(GIVEN DATA Opens)

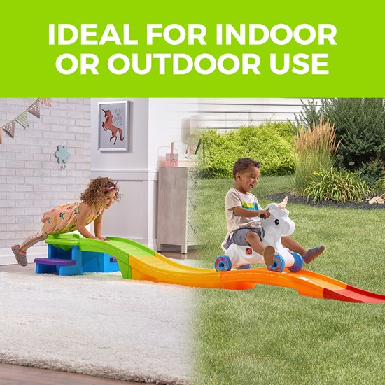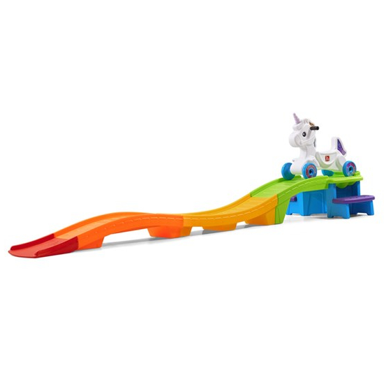 Приятные особенности : Возраст 2-5 лет; Две боковые лесенки из двух ступенек, в верхней точке выемки, для фиксации колес, У единорожка высокая спинка и есть поручни для рук и подставка для ног. Требуется участие родителей при сборке.
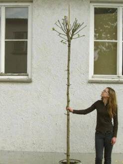| Lieferqualität: | Junger Hochstamm mit einer Stammhöhe von ca. 2,00 m im Container oder mit Ballen. Mit einer auf dem Stamm aufsitzenden kleinen Krone, die im Lieferzustand fachgerecht zurück geschnitten ist, um eine gute Kronenentwicklung nach der Verpflanzung zu gewährleisten. Stammhöhe: ca. 2,00 m |
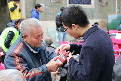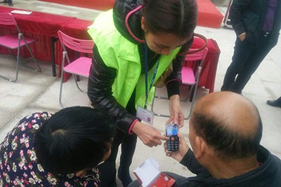 指导老年人们使用爱心手机
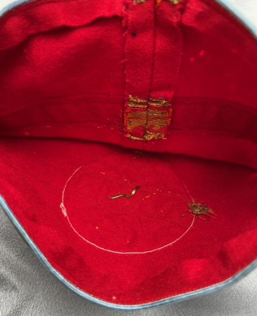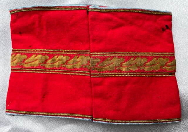 Armband for NSDAP Ortsgruppenleiter, highest leader at the Orts level. Bullion oakleafs with black ribbon swastika and pip to center. This armband is sewn at the back, came off a tunic, good condition.
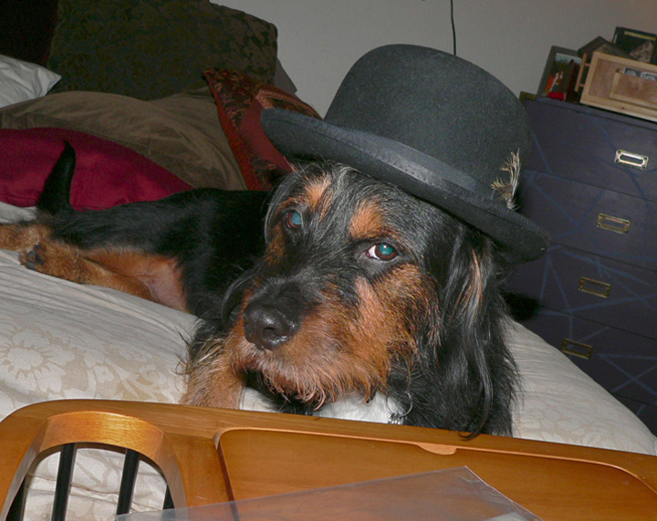 But I took a quick break yesterday to take our very handsome yet very honorary terrier mix (Dunkin) to the vet yesterday, and I was informed by our wonderful long time vet that the boy needed to go on a diet.  He's a HEFTY 60lbs. now.  Dunkin is our rescue dog that we got from the pound when he was 3 months old, he's almost 6.5 years old now.  When we got him they said that he was 10 months old and that he was a dachshund mix. Yeah, I had always wanted a Dachsund.  He was 10lbs at the time so he wasn't suppose to have grown that much more, maybe he would get to 15-20lbs.  Well he surpassed that a long time ago, and now we have what looks to be a Basset/Terrier mix (we still love him tons though)... not really sure except that he now weighs a chunky monkey weight of 60lbs.  The boy has been put on a restricted low calorie food diet with plenty of green beans to keep him happy with his binge eating, plenty of walks during the day and hopefully I'll get him back down to under 55lbs.  He can do it he's the Dunk!  Maybe I'll make him wear that hat when we go for our walks.  LOL!
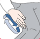 | 4. Paina injektorin musta kärki lujasti reiden ulkosivua vasten, kunnes ”klik”-ääni vahvistaa, että pistäminen on alkanut. Pidä injektori paikallaan reittä vasten 10 sekuntia (laske hitaasti kymmeneen) ja ota se sitten pois. Musta neulansuojus palautuu automaattisesti neulan päälle. |

(GIVEN DATA Closes)

## PROBLEM TO WORK ON:
Copy the records above exactly, from the first line through the line containing "Armband for NSDAP", and leave out the pictures.

## EXERCISE ANSWER:
 Приятные особенности : Возраст 2-5 лет; Две боковые лесенки из двух ступенек, в верхней точке выемки, для фиксации колес, У единорожка высокая спинка и есть поручни для рук и подставка для ног. Требуется участие родителей при сборке.
| Lieferqualität: | Junger Hochstamm mit einer Stammhöhe von ca. 2,00 m im Container oder mit Ballen. Mit einer auf dem Stamm aufsitzenden kleinen Krone, die im Lieferzustand fachgerecht zurück geschnitten ist, um eine gute Kronenentwicklung nach der Verpflanzung zu gewährleisten. Stammhöhe: ca. 2,00 m |
 指导老年人们使用爱心手机
 Armband for NSDAP Ortsgruppenleiter, highest leader at the Orts level. Bullion oakleafs with black ribbon swastika and pip to center. This armband is sewn at the back, came off a tunic, good condition.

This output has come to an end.